"""

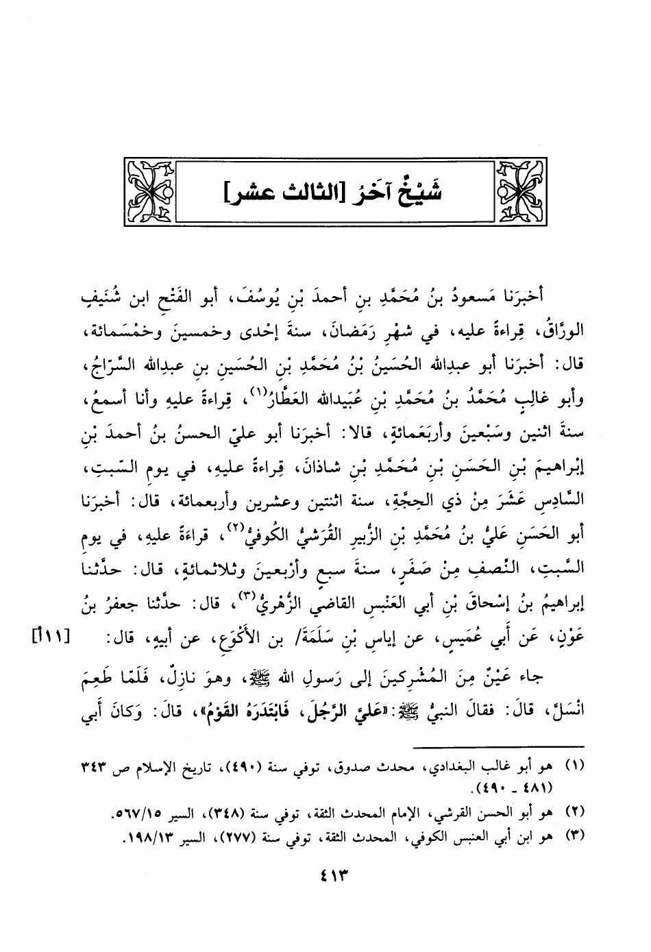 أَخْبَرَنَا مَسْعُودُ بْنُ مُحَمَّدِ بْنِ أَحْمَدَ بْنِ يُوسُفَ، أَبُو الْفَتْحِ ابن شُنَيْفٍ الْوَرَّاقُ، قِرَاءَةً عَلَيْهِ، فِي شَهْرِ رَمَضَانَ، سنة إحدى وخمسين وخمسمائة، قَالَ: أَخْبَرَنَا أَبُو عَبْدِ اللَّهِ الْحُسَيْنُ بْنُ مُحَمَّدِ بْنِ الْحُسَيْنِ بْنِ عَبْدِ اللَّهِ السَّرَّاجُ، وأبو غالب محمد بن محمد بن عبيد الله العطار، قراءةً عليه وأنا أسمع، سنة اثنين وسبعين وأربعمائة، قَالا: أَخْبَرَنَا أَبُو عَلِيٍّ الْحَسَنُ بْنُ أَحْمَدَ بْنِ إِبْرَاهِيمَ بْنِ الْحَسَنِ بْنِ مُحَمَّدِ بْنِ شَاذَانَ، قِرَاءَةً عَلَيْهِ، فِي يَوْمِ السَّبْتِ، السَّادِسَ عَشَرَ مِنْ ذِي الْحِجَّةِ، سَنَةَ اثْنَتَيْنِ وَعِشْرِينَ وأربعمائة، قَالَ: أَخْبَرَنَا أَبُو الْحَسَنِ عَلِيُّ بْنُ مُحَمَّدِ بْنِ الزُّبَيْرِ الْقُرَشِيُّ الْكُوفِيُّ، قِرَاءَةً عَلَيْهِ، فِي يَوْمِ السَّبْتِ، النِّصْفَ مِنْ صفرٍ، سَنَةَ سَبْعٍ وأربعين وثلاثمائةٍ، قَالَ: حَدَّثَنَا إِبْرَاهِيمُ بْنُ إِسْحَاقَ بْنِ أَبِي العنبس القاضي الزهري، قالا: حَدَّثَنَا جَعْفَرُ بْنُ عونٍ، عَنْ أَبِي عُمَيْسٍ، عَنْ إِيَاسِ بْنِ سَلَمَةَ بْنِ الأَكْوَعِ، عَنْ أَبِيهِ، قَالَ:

"""
"""

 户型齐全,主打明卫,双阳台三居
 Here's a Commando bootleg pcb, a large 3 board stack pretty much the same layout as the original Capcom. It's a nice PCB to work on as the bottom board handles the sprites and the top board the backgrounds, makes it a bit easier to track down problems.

"""

Problem requirements: Using the entries above, give back exactly the line containing "户型齐全,主打明卫,双阳台三居", the line containing "Here's a Commando", and every line between them, and nothing else.

Task result:
 户型齐全,主打明卫,双阳台三居
 Here's a Commando bootleg pcb, a large 3 board stack pretty much the same layout as the original Capcom. It's a nice PCB to work on as the bottom board handles the sprites and the top board the backgrounds, makes it a bit easier to track down problems.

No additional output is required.